La Federal Communications Commission (FCC) a décidé d’interdire l’importation de nouveaux routeurs grand public fabriqués à l’étranger, invoquant les risques croissants en matière de cybersécurité. Cette décision, annoncée lundi soir, stoppe effectivement l’entrée de tous les routeurs fabriqués à l’étranger, à moins d’être spécifiquement approuvés par les ministères de la Défense ou de la Sécurité intérieure.
Justification de l’interdiction
La justification de la FCC se concentre sur l’exploitation documentée des vulnérabilités des routeurs fabriqués à l’étranger par des groupes de piratage et des cybercriminels parrainés par l’État. Plus précisément, l’agence souligne l’activité de groupes soutenus par la Chine comme Volt Typhoon, Salt Typhoon et Flax Typhoon, qui ont compromis à plusieurs reprises des routeurs pour mener des activités d’espionnage, perturber les réseaux et faciliter la cybercriminalité.

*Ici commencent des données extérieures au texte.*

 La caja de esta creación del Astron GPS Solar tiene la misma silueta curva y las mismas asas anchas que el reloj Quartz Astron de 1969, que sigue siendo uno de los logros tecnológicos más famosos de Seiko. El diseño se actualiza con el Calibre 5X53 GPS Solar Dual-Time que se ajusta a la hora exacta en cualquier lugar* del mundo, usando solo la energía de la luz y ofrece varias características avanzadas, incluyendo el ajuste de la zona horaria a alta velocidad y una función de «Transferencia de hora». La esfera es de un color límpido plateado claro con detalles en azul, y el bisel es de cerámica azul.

La Chine domine actuellement environ 60 % du marché des routeurs grand public, ce qui signifie que l’interdiction pourrait avoir un impact significatif sur les chaînes d’approvisionnement. La FCC affirme que l’autorisation de ces appareils aux États-Unis pose un « risque inacceptable » pour la sécurité nationale, compte tenu de leur utilisation potentielle à des fins de surveillance et d’attaques malveillantes.
Comment les routeurs sont exploités
Les routeurs sont des cibles attrayantes pour les pirates car ils offrent un accès approfondi aux réseaux domestiques et professionnels. Une fois compromis, les routeurs peuvent être utilisés pour :
- Vol de données : Extraction d’informations sensibles des appareils connectés.

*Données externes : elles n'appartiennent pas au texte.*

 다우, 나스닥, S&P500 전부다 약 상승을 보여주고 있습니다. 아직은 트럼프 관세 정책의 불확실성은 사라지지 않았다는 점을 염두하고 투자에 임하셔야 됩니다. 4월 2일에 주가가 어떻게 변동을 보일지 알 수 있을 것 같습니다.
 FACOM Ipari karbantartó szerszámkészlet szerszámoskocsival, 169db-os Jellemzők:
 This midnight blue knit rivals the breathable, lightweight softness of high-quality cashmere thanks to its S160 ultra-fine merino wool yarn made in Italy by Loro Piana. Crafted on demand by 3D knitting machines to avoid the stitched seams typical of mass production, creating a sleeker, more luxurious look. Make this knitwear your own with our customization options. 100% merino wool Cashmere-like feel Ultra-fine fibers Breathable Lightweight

- Perturbation du réseau : Lancement d’attaques par déni de service distribué (DDoS) pour submerger les serveurs.
- Surveillance : Surveillance du trafic réseau pour la collecte de renseignements.
- Recrutement de botnets : Transformation de routeurs piratés en drones pour des cyberopérations à grande échelle.
En particulier, des routeurs fabriqués aux États-Unis et à l’étranger ont été ciblés dans le passé. Des groupes comme Flax Typhoon ont déjà détourné plus de 126 000 appareils aux États-Unis, quelle que soit leur origine. Même Cisco, une grande entreprise américaine de réseaux, a vu des vulnérabilités exploitées par des groupes comme Salt Typhoon.
Des questions demeurent
La FCC n’a pas encore fourni de preuves prouvant que les routeurs fabriqués aux États-Unis sont intrinsèquement plus sécurisés. Cela soulève des questions sur l’efficacité pratique de l’interdiction. Si des vulnérabilités existent chez tous les fabricants, la simple restriction des importations ne résoudra peut-être pas le problème sous-jacent. La réponse de l’agence sur ce point reste floue.
Conclusion
L’interdiction par la FCC des routeurs fabriqués à l’étranger représente une étape spectaculaire pour protéger les réseaux américains contre les cybermenaces. Cependant, son efficacité dépend de la capacité des fabricants nationaux à remédier à des vulnérabilités similaires et de la capacité de l’agence à appliquer l’interdiction sans créer de perturbations indues dans la chaîne d’approvisionnement. Cette décision souligne l’urgence croissante des problèmes de cybersécurité dans un monde où les routeurs constituent des points d’entrée clés pour les acteurs malveillants.